Colorado Springs Military Newspaper Group

Peterson Space Observer

Commander’s call updates Airmen on latest base information, news

By Lea Johnson

21st Space Wing Public Affairs staff writer

PETERSON AIR FORCE BASE, Colo. — The commander’s call Aug. 7 at the base auditorium was packed with need-to-know information for Airmen and civilians after being postponed for a month due to mission activities surrounding the Waldo Canyon fire in June.

For Airmen who are new to the area, Michelle Peterson, Outdoor Recreation program coordinator, said Colorado has a multitude of activities for all seasons. Outdoor Recreation is able to provide supplies and trips to members of Team Pete at a greatly reduced cost.

Supplies available include tents, sleeping bags, canoes, kayaks, skis, snowboards, ski pants and jackets, tables and chairs, and inflatables.

Peterson also reminded Airmen Outdoor Recreation has joined Information, Tickets and Tours, Leisure Travel, and Arts and Crafts in Building 640.

To continue the briefing, Shirley Crow, Domestic Abuse Victim Advocate, discussed another way the Air Force takes care of families. “We’re here to help serve all victims of domestic violence,” Crow said.

She reminded those in attendance they are mandated reporters. “If you’re aware of a domestic violence situation you need to report that to family advocacy,” she said.

The DAVA crisis line is available 24/7 at (719) 244-9903.

Tech. Sgt. Wade Woods, 21st Space Wing safety office, had another message for Airmen about safety.

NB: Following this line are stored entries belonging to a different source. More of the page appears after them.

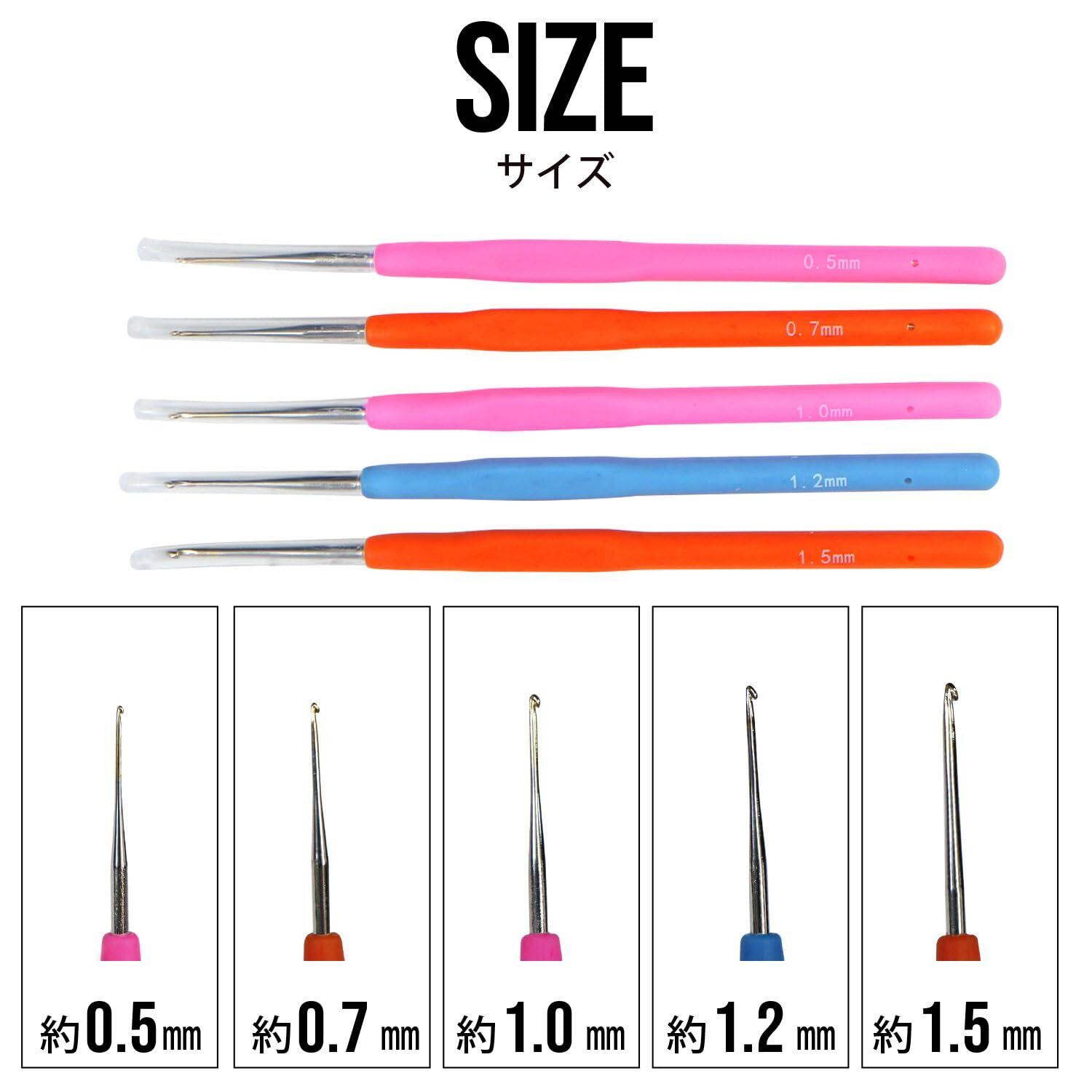 【2022最新】レース編み用 かぎ針セット 5本入り 編み針 細い レース針 手芸用品 ハンドメイド 編み物 きらきらぷんぷん丸 SGZ-001
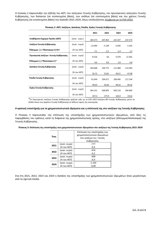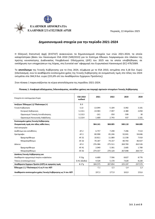 Το αποτέλεσμα της Γενικής Κυβέρνησης για το έτος 2024 (σύμφωνα με το ESA 2010), εκτιμάται στα 3,18 δισ. Ευρώ (πλεόνασμα), ενώ το ακαθάριστο ενοποιημένο χρέος της Γενικής Κυβέρνησης σε ονομαστικές τιμές στο τέλος του 2024 εκτιμάται στα 364,9 δισ. ευρώ (153,6% επί του Ακαθάριστου Εγχώριου Προϊόντος).
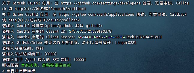 6、根据提示输入Client ID、Client secrets、GitHub ID,标题和端口号自定义即可。
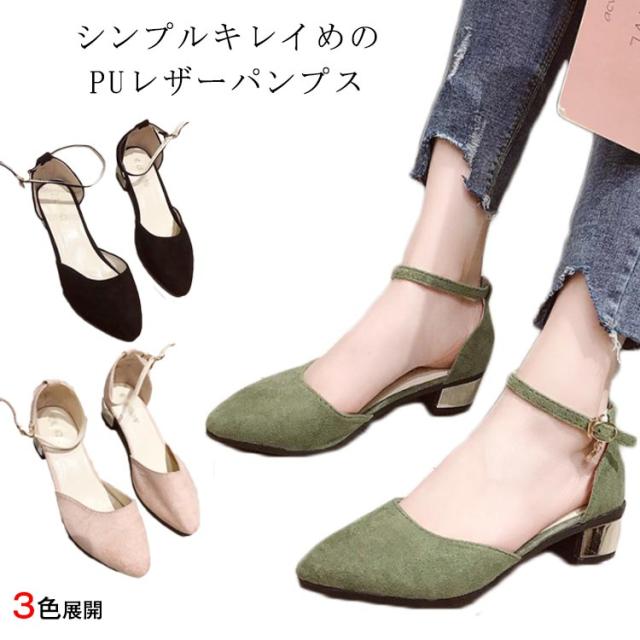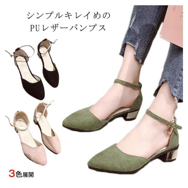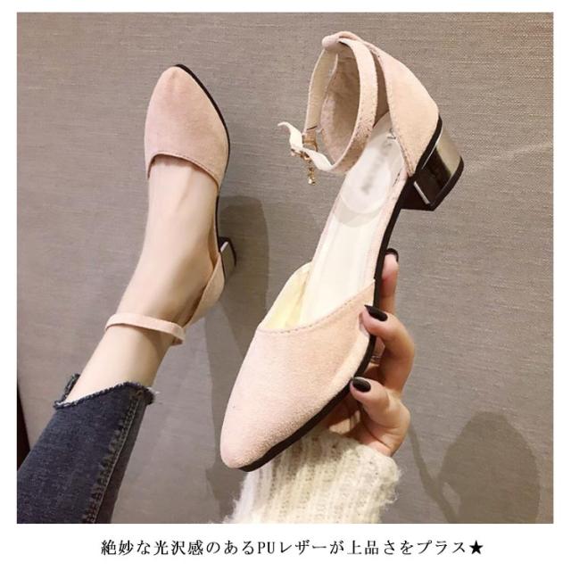 パンプス レディース レザーパンプス PUレザー スエード風 フェイクレザー チャンキーヒール 太ヒール ローヒール スクエアトゥ 光沢感 痛くない 歩きやすい ストラップ シューズ 靴 お洒落 キレイめ フェミニン エレガント 春新作
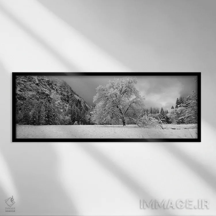 در «"درخت بلوط پوشیده از برف در یک دره، پارک ملی یوسمیتی، کالیفرنیا، ایالات متحده"»، اثرِ «پانورامیک ایمجز (استودیو عکاسی عریض)» این اثر را با زبان سیاهوسفید ارائه میکند؛ برای دکورهای کلاسیک—مدرن یک انتخاب مطمئن و هماهنگپذیر است.
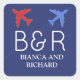 Adesivo Quadrado aviões viagem azuis vermelhos com nomes, monograma

In the first two-thirds of the Critical Days of Summer, the Air Force had 11 fatalities, mostly from motor vehicle and motorcycle mishaps.

“Make sure you drive within your means and your skill level,” Woods said.

Woods said the message was primarily directed at Airmen in their 20s, but all Airmen should be cautious of five things when driving- speed, impaired driving, fatigue, distracted driving, and wearing a seatbelt.

Staff Sgt. Christian Craig, 21st Security Forces Squadron investigator, briefed wing members on the importance of watching for potential human trafficking. “Trafficking of persons is the recruitment, transportation, transfer, or receipt of person by means of threat or force,” Craig said. People who have been trafficked are often found working in areas of prostitution, sweat shops, restaurant service and hotels.

Craig encouraged Airmen to report anything that looked suspicious to local police, the Air Force Office of Special Investigations, or SFS.

Gail Whalen, installation voting assistance officer, had an important reminder for Airmen about registering to vote. The presidential election is Nov. 6. “You only have 45 days before the election to make sure you’re registered (to vote),” Whalen said.

The 45-day deadline is Sept. 22, and absentee voting begins Sept. 28.

Anyone needing help with registering to vote can visit www.fvap.gov or contact Whalen at the museum.

Col. Jeffrey Flewelling, 21st SW vice commander, talked to Airmen about what is being done at the wing level to prioritize the work being done.

For months, Flewelling said, Airmen have been contributing to a “What Not to Do” tasker to lessen the workload, which will realize cost and time savings to the wing.

There have already been 119 ideas of tasks to eliminate submitted to the wing, which will go to Air Force Space Command for final approval. Some of those ideas were also submitted to the wing IDEA program, he said.

Airmen who have an innovative way for the Air Force to save money and manpower can submit their idea to the Innovative Development through Employee Awareness program and individuals may be awarded up to $10,000.

Col. Chris Crawford, 21st SW commander, expanded on Flewelling’s comments during his briefing to attendees. “The ‘What Not to Do’ tasker is about giving you ownership of the prioritization,” Crawford said. “We talk a lot about empowering the people. I view this as the ultimate exercise of that. You spend your time on the most important and mission-critical activities.”

Part of the process includes Crawford visiting the squadrons so he can see firsthand what problems exist. “I want to see where you need help, and why you need help so I can understand what those issues are. Sometimes I can fix it on the spot, sometimes I can fix it in the long run or advocate for it,” he said.

Crawford said what he wants to know is what is most important to the mission, so he can help refocus the work.

“I can’t guarantee you less work,” he said. “But I can guarantee you more important and better-focused work.”